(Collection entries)
+ + + +

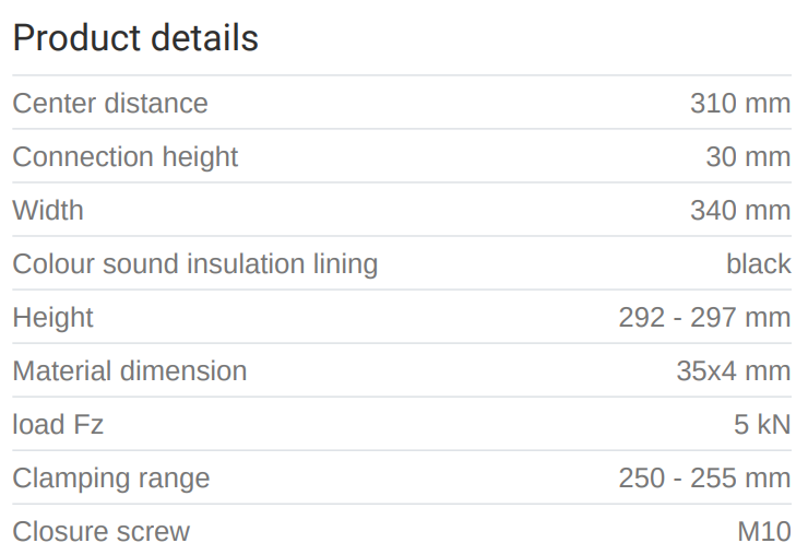 Rörafesting frá MEFA úr galvaniseruðu stáli með einangrunGerð: Maxima PSM 35x4 250 - 255 mm M16 TPEStærð: 250 - 255 mmSkrúfgangur: M16Einangrun úr gúmmí
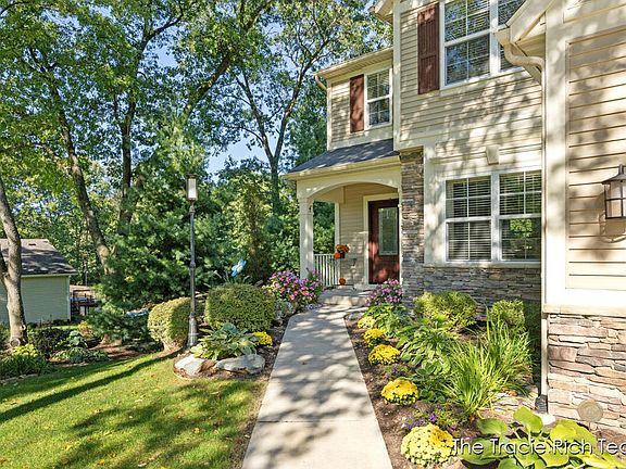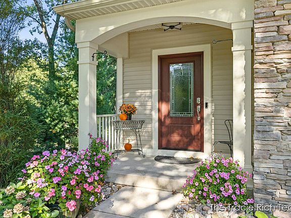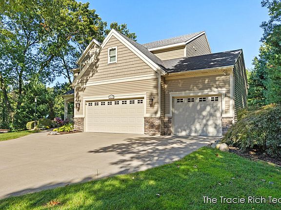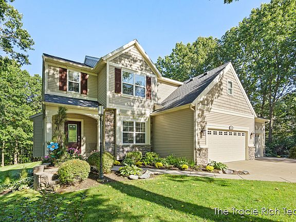 This immaculate home offers both luxury and privacy, situated on a beautifully wooded lot with association green space behind, giving the yard an expansive feel. Conveniently located just 5 minutes from downtown Rockford, as well as nearby bike trails and parks, this home blends nature with modern living. The interior is a showcase of high-end craftsmanship, featuring hand-scraped flooring, crown molding, and wainscoted walls. Custom finishes throughout add to its charm, including a sunroom with glass French doors that could serve as a perfect kids' play area or tranquil retreat. The kitchen is a chef's dream, boasting high-end appliances, a stainless farm sink, ''Blue Flower'' granite countertops, and a walk-in pantry. Upstairs, you'll find 4 spacious bedrooms, including a primary suite. with luxurious features like a dual-head shower, dual vanity, heated floors, and custom walk in closets. The upstairs laundry adds convenience. The finished 3-stall garage is equally impressive, equipped with hot and cold softened water, a sink, attic storage and even a generator hookup. Outside, there's additional storage under the deck, offering practicality and efficiency at every turn.
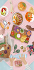 Eng lieweg Illustratioun déi d'Freed vum Brunch mat Frënn ronderëm e faarwegen Dësch erfaasst. Vu Ramen an Tacos bis Croissanten a frësch Uebst, dëst Konschtwierk feiert d'global Kichen a Gemeinschaft, ënnersträicht d'Iessen als Ernärung an eng gemeinsam Erfahrung vu Léift a Frëndschaft.
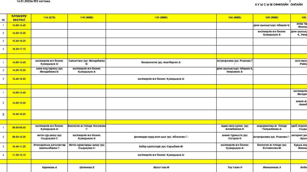 » » » Сабақ кестесі ОФФЛАЙН ІІІ тоқсан
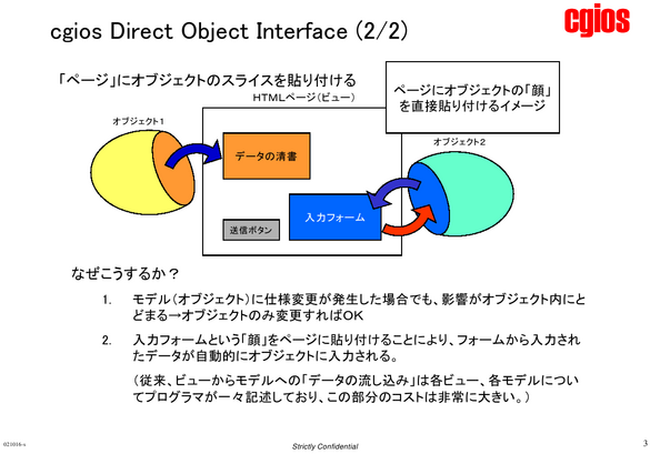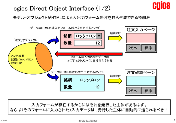 というわけでタイトルの「フォーム台帳」なんですが、これはどういう仕組みかというと、 オブジェクト指向でいうところのオブジェクト、つまりクラスのインスタンスが、 自身のメンバへの入力をブラウザ側から受け取りたいとき (例えばユーザ情報を扱うクラスがユーザデータつまり名前とかメールアドレスとかを入力させたいとき) オブジェクトが直接「入力フォーム」を発行し、それがフォーム台帳に登録され、 ブラウザからデータが返ってきたときにフォーム台帳が自動的にデータを仕分けて 「聞いたオブジェクト(つまり入力フォームを発行したオブジェクト)」のメンバに直接入力値をセットする という仕組みです。もう本当に意味わかんないですね。すみません。
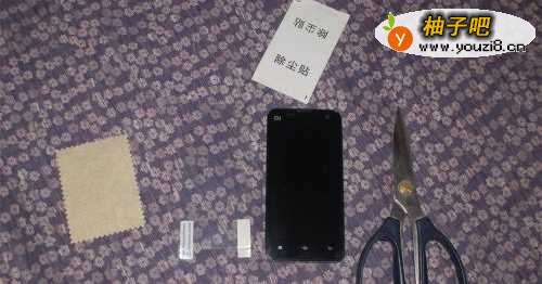 手机一台,对应的手机型号贴膜一张,擦布一张,剪刀一把,最重要的“除尘贴”一张。

+ + + +

Problem to work on: Please set the data above down exactly, with the pictures removed.

Answer section:
 Rörafesting frá MEFA úr galvaniseruðu stáli með einangrunGerð: Maxima PSM 35x4 250 - 255 mm M16 TPEStærð: 250 - 255 mmSkrúfgangur: M16Einangrun úr gúmmí
 This immaculate home offers both luxury and privacy, situated on a beautifully wooded lot with association green space behind, giving the yard an expansive feel. Conveniently located just 5 minutes from downtown Rockford, as well as nearby bike trails and parks, this home blends nature with modern living. The interior is a showcase of high-end craftsmanship, featuring hand-scraped flooring, crown molding, and wainscoted walls. Custom finishes throughout add to its charm, including a sunroom with glass French doors that could serve as a perfect kids' play area or tranquil retreat. The kitchen is a chef's dream, boasting high-end appliances, a stainless farm sink, ''Blue Flower'' granite countertops, and a walk-in pantry. Upstairs, you'll find 4 spacious bedrooms, including a primary suite. with luxurious features like a dual-head shower, dual vanity, heated floors, and custom walk in closets. The upstairs laundry adds convenience. The finished 3-stall garage is equally impressive, equipped with hot and cold softened water, a sink, attic storage and even a generator hookup. Outside, there's additional storage under the deck, offering practicality and efficiency at every turn.
 Eng lieweg Illustratioun déi d'Freed vum Brunch mat Frënn ronderëm e faarwegen Dësch erfaasst. Vu Ramen an Tacos bis Croissanten a frësch Uebst, dëst Konschtwierk feiert d'global Kichen a Gemeinschaft, ënnersträicht d'Iessen als Ernärung an eng gemeinsam Erfahrung vu Léift a Frëndschaft.
 » » » Сабақ кестесі ОФФЛАЙН ІІІ тоқсан
 というわけでタイトルの「フォーム台帳」なんですが、これはどういう仕組みかというと、 オブジェクト指向でいうところのオブジェクト、つまりクラスのインスタンスが、 自身のメンバへの入力をブラウザ側から受け取りたいとき (例えばユーザ情報を扱うクラスがユーザデータつまり名前とかメールアドレスとかを入力させたいとき) オブジェクトが直接「入力フォーム」を発行し、それがフォーム台帳に登録され、 ブラウザからデータが返ってきたときにフォーム台帳が自動的にデータを仕分けて 「聞いたオブジェクト(つまり入力フォームを発行したオブジェクト)」のメンバに直接入力値をセットする という仕組みです。もう本当に意味わかんないですね。すみません。
 手机一台,对应的手机型号贴膜一张,擦布一张,剪刀一把,最重要的“除尘贴”一张。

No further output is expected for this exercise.